I am not an expert (persay :o) and encourage anyone to double-check with your state's standards and a tax professional, particularly if you're reading this well after I've written it. Numbers change each year, and while it doesn't appear that the new health bill (in early 2010) affects HSAs too much, that may still be yet to be seen. However, I am fairly confident of what I write below on an HSA (as it's my own situation). In short, we found that having a health insurance plan that qualifies for an HSA was by far the best situation for us (both the church and the pastoral family).

To qualify for an HSA, one must be on an HDHP (high deductible health plan). For IRS standards, an HDHP is defined as a health insurance plan that has a minimum $1200 deductible (for individuals) or $2400 deductible (for families). Once one gets by the fear of being on an HDHP, the possibilities are advantageous. I'll use our own situation as an example.

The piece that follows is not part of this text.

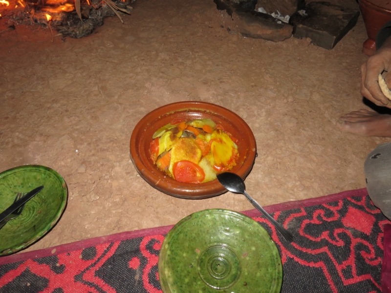 La soirée continue avec la préparation d’une tajine au feu de bois. On laisse mijoter la tajine tout en se réchauffant autour du feu.

We now pay $884/month for our premium. In addition, the Church contributes $118.27 each week to our HSA (for a maximum yearly contribution of $6150 for a family or $3050 for an individual). An HSA is itself a bank account (generally "savings", but they also can come with checks and debit cards). Our HSA is with Bank of America, but more and more banks are adding them. The benefit of this situation is that this money is free from taxation at multiple levels (including interest earned). This money can be used for approved medical expenses (http://www.health--savings--accounts.com/qualified-expenses.htm). The HSA funds carry over and accrue from year to year (as opposed to an FSA or HRA). The funds can be rolled over to investment opportunities.

This situation is beneficial really only if the HSA can be funded. For our situation, we found a premium which was several hundred dollars cheaper than our previous one, and simply used the difference in savings on the premium to fund the HSA. The beginning stages of funding the HSA could be considered a period of risk, unless the church can front a couple of thousand dollars rather than contributing weekly or monthly. Or, if a pastoral family is already paying a lot for medical expenses, than a reduction in pay might be considered to fund the HSA. This could also prove to be beneficial for tax purposes.

I'm sure I've forgotten some details, but there are others who are also on HSAs (Kevin R. & Gary C.) that might chime in.

I've found helpful information at these sites:
The IRS site on HSAs (http://www.ustreas.gov/offices/public-affairs/hsa/)
HSA Bank (http://www.hsabank.com)
About.com on HSAs, FSAs, & HRAs (http://personalinsure.about.com/od/health/a/aa022807a.htm)
HSA for America (http://www.health--savings--accounts.com/) (this site is a little more politically- and commercially-oriented, but still some good info there)

Billy Cox
April 26th, 2010, 01:25 PM
My family used to have an FSA - a great way to pay for out-of-pocket medical/dental/optical expenses with (income) tax free dollars. The downsides are twofold.

1. Any contributions that you don't use by the end of the calendar year, you lose. (employer gets to keep it)
2. Any contributions remaining when your term of employment ends, you lose. (employer gets to keep it)

We now have a high deductible plan and an HSA. It has the best features of the FSA without the fear of losing our contributions.